I am going to make a photo album of the cats through the years and had a fun scanning a lot of old pictures and reminiscing about living in Connecticut and the small studio we lived in when we moved back to California. Good times for sure.
When Batman was a kitten there was a lot of crying.  He never had any problem telling me exactly what he wanted.
 It took these two awhile to figure out how not to get fifthly while eating.
 They loved tackling and chasing eachother around the house.  I heard them rough housing at night just a few months ago.  Nutballs!
 Batman hiding under my bed.
 Princess too.
 They loved being next to eachother, whether it was right next to eachother or on top.
 Pretty Princess.
 
 Batman loved to stretch out.
 My loves.






 The cats becoming adjusted to life in Connecticut...Batman, of course, on top of me.
 This ball of paper provided hours of entertainment for them.
 A favorite spot of theirs on top of the tv.
 Batman getting to know Tim.

 Batman in the laundry basket.
 Princess always hiding.
 Batman wasn't afraid of water and he loved going into the shower.
 Princess loves to be as high as possible.  Batman right next to the tv laying on some clothes.
This time Batman was higher than Princess.
 Batman helping me iron...not!
 It didn't matter what it was they had to lay on it or in it.
 He doesn't really fit in the basket, but that doesn't matter to him.

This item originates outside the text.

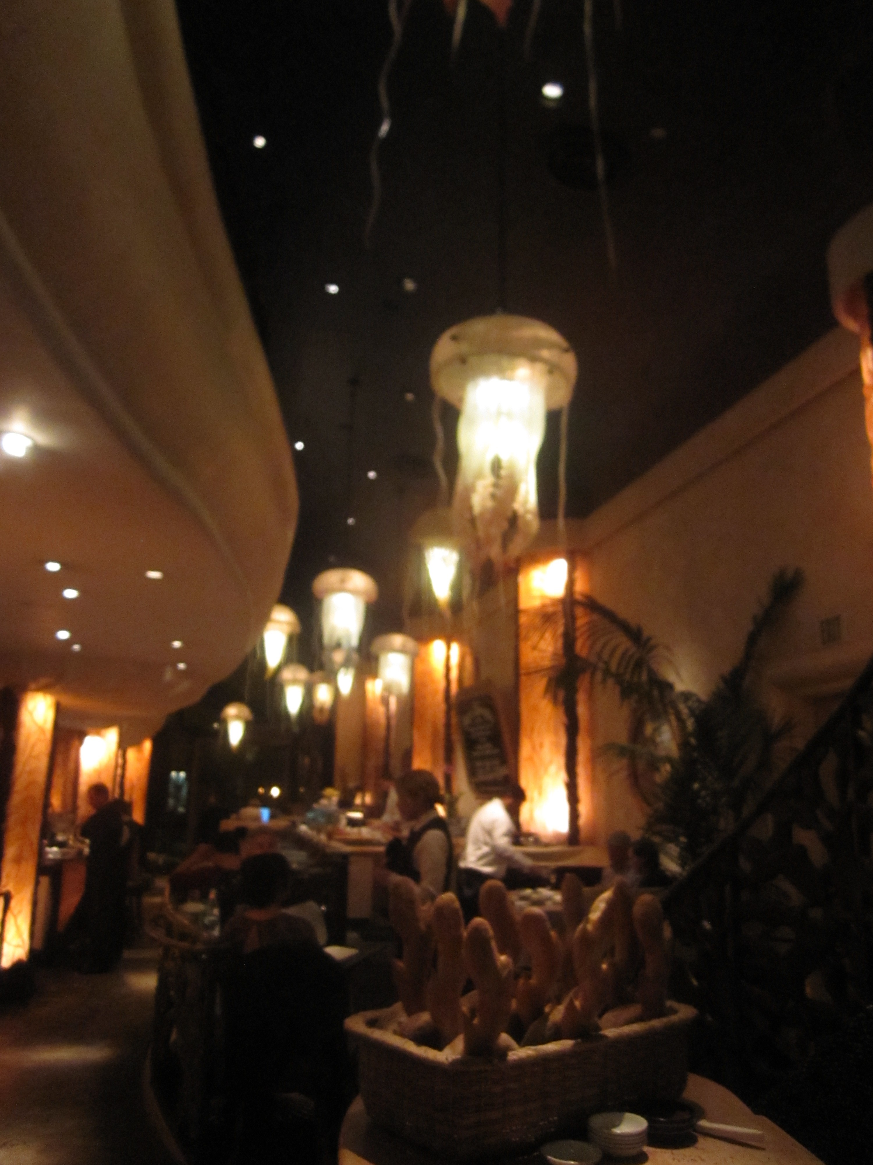 That’s all our table could say at the conclusion of a recent dinner, shrugging our shoulders and staring into the marine fantasy world that is San Francisco’s ever popular Farallon Restaurant. The powerhouse trio of architect Pat Kuleto, chef Mark Franz, and pastry chef Emily Luchetti opened Farallon in 1997, and despite more recently opening a duo of sleeker restaurants along the Embarcadero (Waterbar and Epic Roasthouse) and undulating waves of critical praise then pans then praise (how fitting for such an oceanic minded restaurant…), Farallon is still performing to a packed house night after night.

 Batman in the bucket right before I was going to fill it up with Pine Sol to clean the floor.
Taking a cat nap.
 Batman enjoying his time meeting the trick or treaters in Connecticut. 
 Batman loved when the Christmas tree was up and he could bat at the ornaments.
The fish tank was another fun past time for Batman.  He would bat at the glass when the fish would swim by him.
 
That can't be comfortable!
Classic Batman long and floppsy...Classic Princess balled up and stiff.
 Where's Batman?


Batman playing the guitar with Tim.
Batman in the pot...seriously he would lay anywhere.
This can't be comfortable, but it must be because he is sound asleep.
As usual, in the most bizarre place.
My two cuties.


Batman checking out what Tim got one year for his birthday.
Batman was glad the gift was out of the box so he could lay in it.
I will miss Batman so much, but I take comfort in all my memories of him and how loving he was.  He was always there to snuggle up to me, which I loved. Every time I walk into the kitchen I will see my Batman laying on the window sill waiting for me.